Sputnik V: What you should know about the Russian vaccine in 500 words | Coronavirus Pandemic News

Russia has launched its official mass vaccination program against COVID-19 with the country’s Sputnik V vaccine.

Developed by the state-run Gamaleya Institute, the vaccine is 91.4 percent effective based on late-stage interim results.

In phase three, a large study involving thousands of people to prove that the vaccine protects people, is not finished yet. Studies are currently ongoing in Russia, Belarus, the United Arab Emirates, Venezuela and India.

Sputnik V, named for the Soviet satellite that started the space race, was used to vaccinate around 200,000 people believed to be at risk across Russia – home to 145 million people -.
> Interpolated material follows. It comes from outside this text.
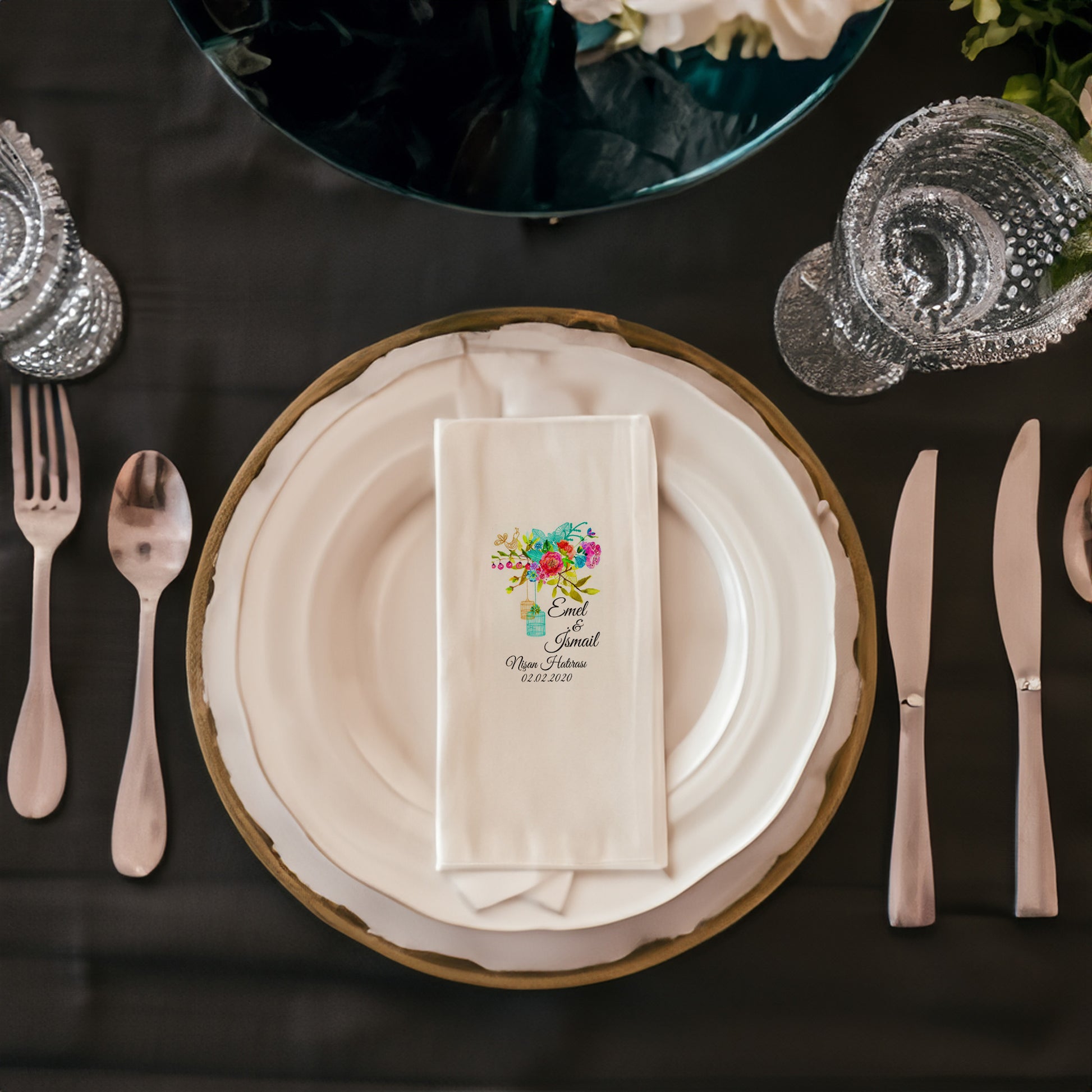 Özel günlerinizi unutulmaz kılacak zarif bir dokunuş: Çiçek Desenli Düğün, Nişan, Söz ve Kına Peçetesi Seti!

It was first registered for emergency use in August, making it the first country in the world to approve a vaccine for the general public.

Agency approval came ahead of large-scale clinical trials and warned scientists both at home and abroad who said data from tens of thousands of people was needed to ensure the sting was safe and effective.

The Kremlin has given assurances that the Russians will be the first to be vaccinated, while Moscow continues to discuss international delivery deals.

Vaccination will be free for Russian citizens, but there are reports that, like in most other countries, the government will limit its work to convincing people to accept the vaccine if they are hesitant and an increasing “anti-Vaxxer “Experience movement.

Sputnik V is administered in liquid form in two shots 21 days apart. It must be stored at minus 18 degrees Celsius (minus 0.4 degrees Fahrenheit) or below.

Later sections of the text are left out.